▶ _Assignment_:
In the records below, the relevant part opens with the line containing "This bingo card" and closes with the line containing "for easy care."; print that part exactly and only, without its pictures.

▶ _Data for this task_:

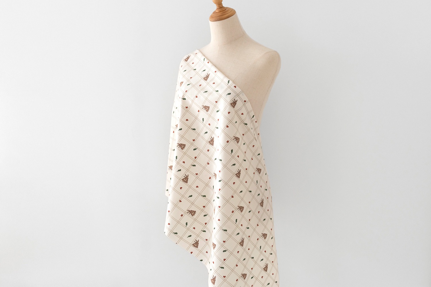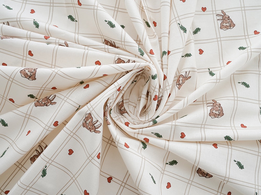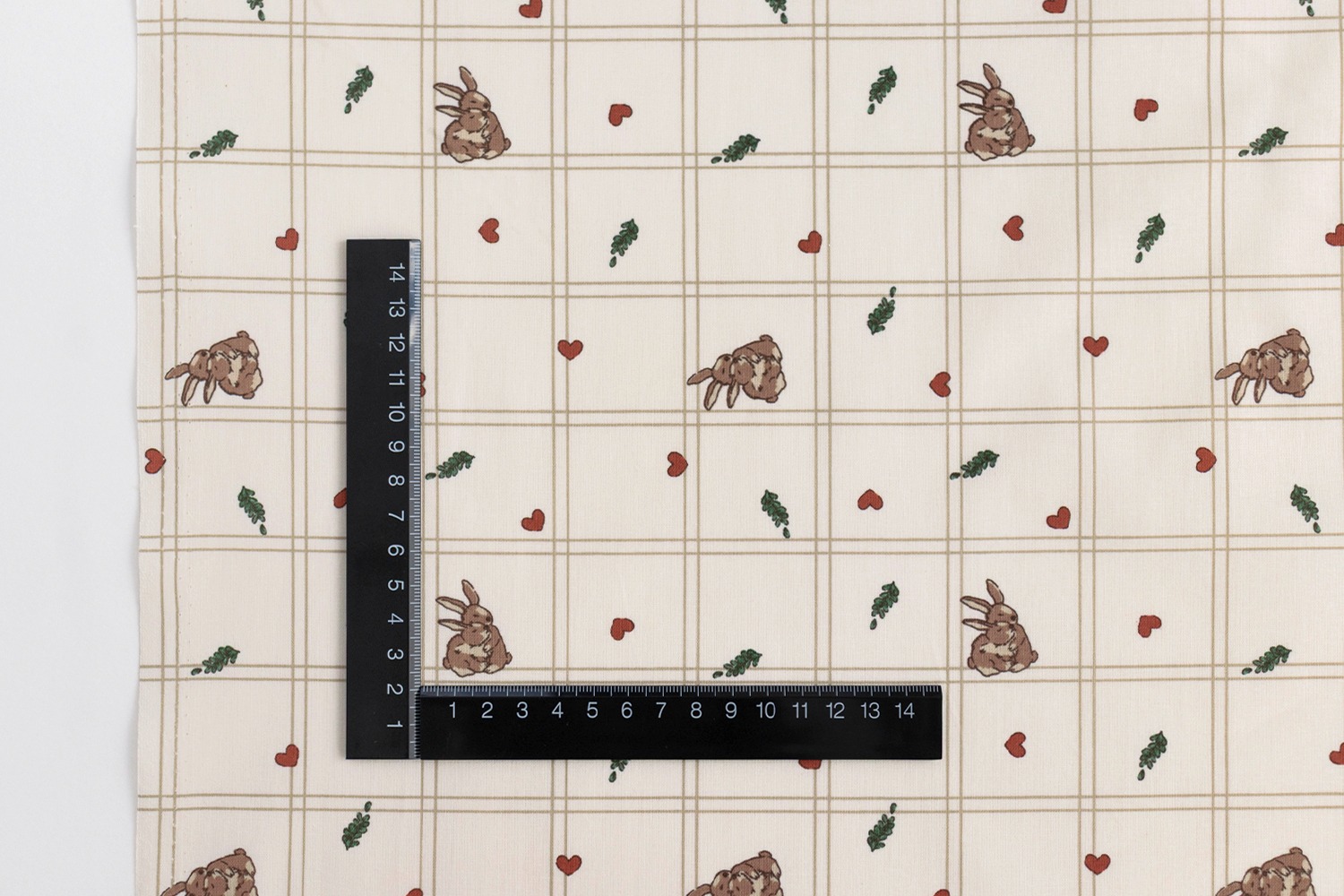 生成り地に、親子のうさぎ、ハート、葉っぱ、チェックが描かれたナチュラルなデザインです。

...

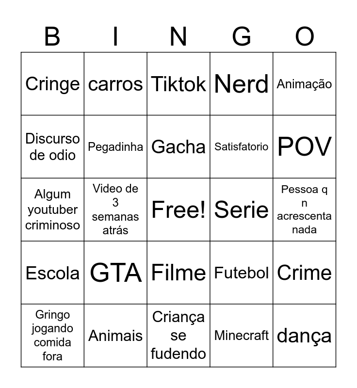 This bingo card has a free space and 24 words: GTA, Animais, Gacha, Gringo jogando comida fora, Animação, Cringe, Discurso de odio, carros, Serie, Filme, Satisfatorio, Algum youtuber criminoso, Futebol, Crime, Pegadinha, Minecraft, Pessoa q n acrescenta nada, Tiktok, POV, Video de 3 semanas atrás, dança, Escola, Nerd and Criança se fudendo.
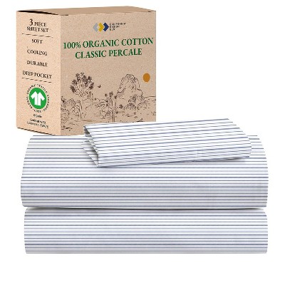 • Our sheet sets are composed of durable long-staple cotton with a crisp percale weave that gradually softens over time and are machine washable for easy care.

▶ _Result_:
 This bingo card has a free space and 24 words: GTA, Animais, Gacha, Gringo jogando comida fora, Animação, Cringe, Discurso de odio, carros, Serie, Filme, Satisfatorio, Algum youtuber criminoso, Futebol, Crime, Pegadinha, Minecraft, Pessoa q n acrescenta nada, Tiktok, POV, Video de 3 semanas atrás, dança, Escola, Nerd and Criança se fudendo.
 • Our sheet sets are composed of durable long-staple cotton with a crisp percale weave that gradually softens over time and are machine washable for easy care.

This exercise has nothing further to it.